Depuis toujours, deux concepts s’opposent. Ou bien le mandat politique est un magistère, pour ne pas dire une magistrature, qui s’exerce librement, sans autre rémunération que l’indemnisation pour les frais exposés par l’élu : c’est, en quelque sorte, l’esprit qui a prévalu lors de la rédaction du texte instituant l’indemnité de représentation et de frais de mandat, non imposable et non soumise aux charges sociales. Ou bien le mandat politique est une fonction qui occupe beaucoup de temps, pour ne pas dire un plein-temps : c’est pourquoi nos élus reçoivent des fiches de paie et versent cotisations sociales et impôt sur le revenu ; lorsqu’ils divorcent, ils paient des pensions alimentaires et éventuellement des prestations compensatoires, en fonction du montant des indemnités auxquelles on ne devrait normalement pas toucher.
Nous n’avons jamais pu véritablement choisir entre ces deux options. C’est pourquoi le statut de l’élu a toujours été renvoyé aux calendes grecques – et ce n’est pas aujourd’hui qu’il sera adopté par notre assemblée ! En revanche, pour plaire aux élus, ces barons toujours craints de l’exécutif, on vote des textes visant à faciliter l’exercice, par les élus locaux, de leur mandat.

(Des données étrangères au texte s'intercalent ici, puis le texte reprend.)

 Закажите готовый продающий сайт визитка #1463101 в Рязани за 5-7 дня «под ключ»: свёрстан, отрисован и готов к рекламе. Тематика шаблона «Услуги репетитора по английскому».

Il est vrai que l’exercice est difficile. La France compte 519 417 conseillers municipaux qui exercent leur mandat gratuitement, sur tout le territoire et jusqu’au fin fond des campagnes. En face d’eux se trouvent les élus qui perçoivent une indemnité : 800 parlementaires, 36 635 maires, 1 880 conseillers régionaux, 4 042 conseillers généraux, sans oublier quelques dizaines de milliers de maires adjoints, de vice-présidents de collectivités territoriales et de conseillers délégués qui n’ont de cesse de réclamer l’écot qu’ils pourraient obtenir.

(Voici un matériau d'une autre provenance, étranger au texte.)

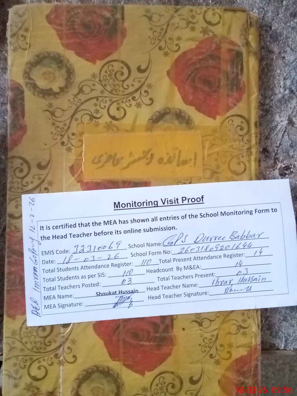 | Attendance Register | Head Teacher | MEA with School | Visit Proof |

Il est vrai que les temps ont changé, et que nos élus travaillent souvent énormément – pour ne pas dire comme des chiens. Ils n’ont que peu de points communs avec les magistrats romains, édiles, questeurs, préteurs, consuls, qui attendaient de devenir propréteurs ou proconsuls pour s’indemniser sur les territoires qui leur étaient confiés, et qu’ils pillaient afin de pouvoir ainsi terminer leur carrière politique – chacun se rappelle Crassus dans le Pont-Euxin !

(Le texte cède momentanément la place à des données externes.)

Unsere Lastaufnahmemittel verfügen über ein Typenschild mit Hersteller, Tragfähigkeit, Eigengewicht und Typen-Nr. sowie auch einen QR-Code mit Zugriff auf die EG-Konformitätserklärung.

Il faut désormais répondre à plusieurs défis. Premièrement, il convient d’assurer l’égal accès aux fonctions électives locales, qui ne peuvent être réservées aux fonctionnaires, aux retraités et aux professions libérales. Deuxièmement, il faut assurer la parité. Troisièmement, nous devons permettre aux élus de s’investir librement dans l’exercice de leurs mandats locaux.
La proposition de loi qui nous est soumise consiste en un catalogue sympathique, qui renforcera évidemment un certain nombre de droits et garanties, et qui fera l’unanimité sur tous nos bancs.